Data listing —
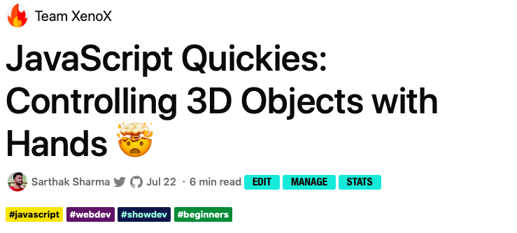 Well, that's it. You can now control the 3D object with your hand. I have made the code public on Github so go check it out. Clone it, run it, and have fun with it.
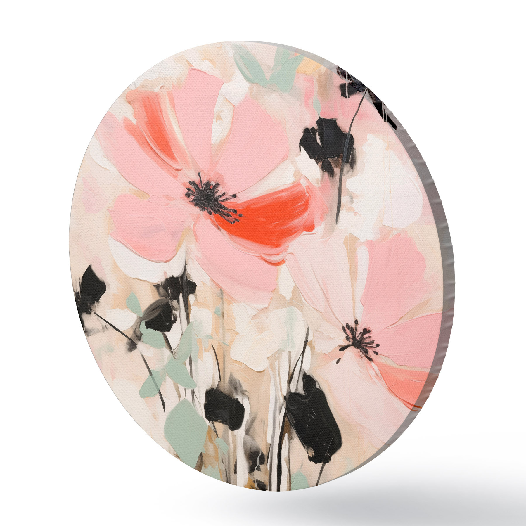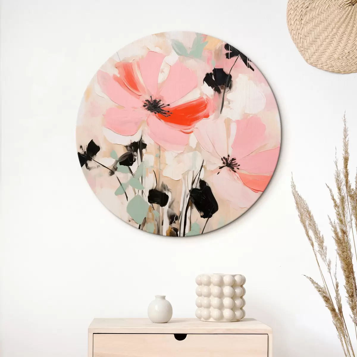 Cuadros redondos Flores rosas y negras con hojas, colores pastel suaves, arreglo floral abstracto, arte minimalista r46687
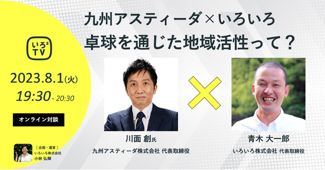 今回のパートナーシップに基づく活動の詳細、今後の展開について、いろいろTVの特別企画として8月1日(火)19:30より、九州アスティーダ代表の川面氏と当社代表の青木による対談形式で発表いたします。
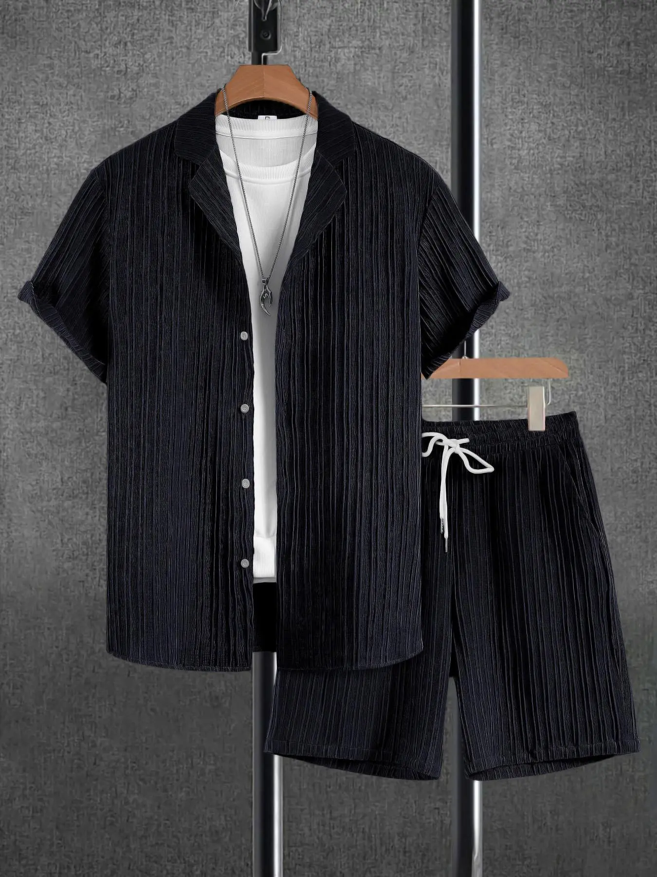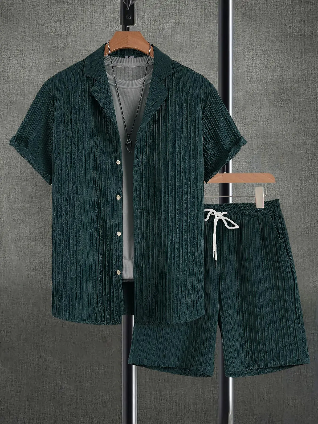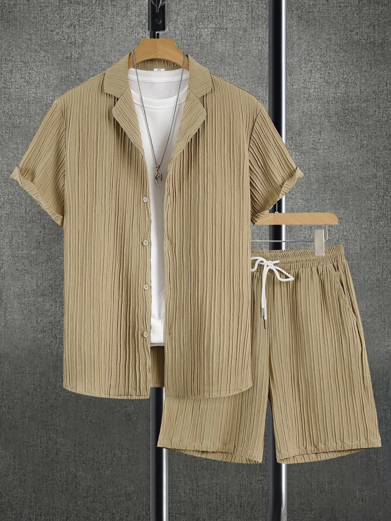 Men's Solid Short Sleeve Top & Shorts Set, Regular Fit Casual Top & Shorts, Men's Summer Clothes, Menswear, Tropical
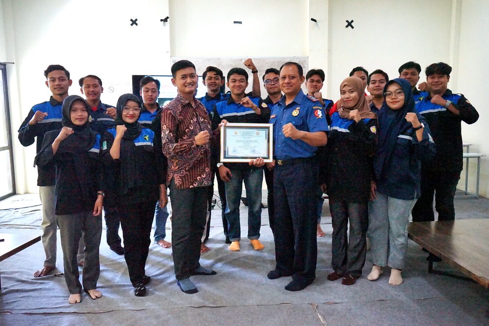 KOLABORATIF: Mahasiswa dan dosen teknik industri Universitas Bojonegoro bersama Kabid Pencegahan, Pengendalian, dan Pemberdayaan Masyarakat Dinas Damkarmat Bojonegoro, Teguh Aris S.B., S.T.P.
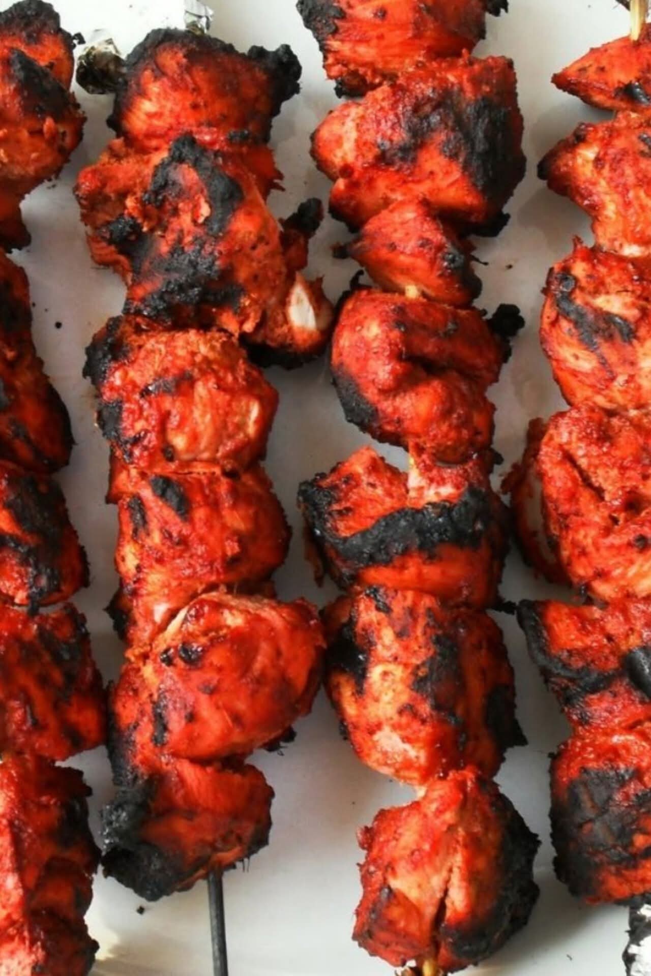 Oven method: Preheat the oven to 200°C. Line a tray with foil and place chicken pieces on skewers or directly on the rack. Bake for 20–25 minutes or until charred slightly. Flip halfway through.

Work required —
Nothing but the lines above, starting at the line that contains "今回のパートナーシップに基づ" and ending at the line that contains "KOLABORATIF: Mahasiswa dan", should be given again, exactly and without the pictures.

Task output —
 今回のパートナーシップに基づく活動の詳細、今後の展開について、いろいろTVの特別企画として8月1日(火)19:30より、九州アスティーダ代表の川面氏と当社代表の青木による対談形式で発表いたします。
 Men's Solid Short Sleeve Top & Shorts Set, Regular Fit Casual Top & Shorts, Men's Summer Clothes, Menswear, Tropical
 KOLABORATIF: Mahasiswa dan dosen teknik industri Universitas Bojonegoro bersama Kabid Pencegahan, Pengendalian, dan Pemberdayaan Masyarakat Dinas Damkarmat Bojonegoro, Teguh Aris S.B., S.T.P.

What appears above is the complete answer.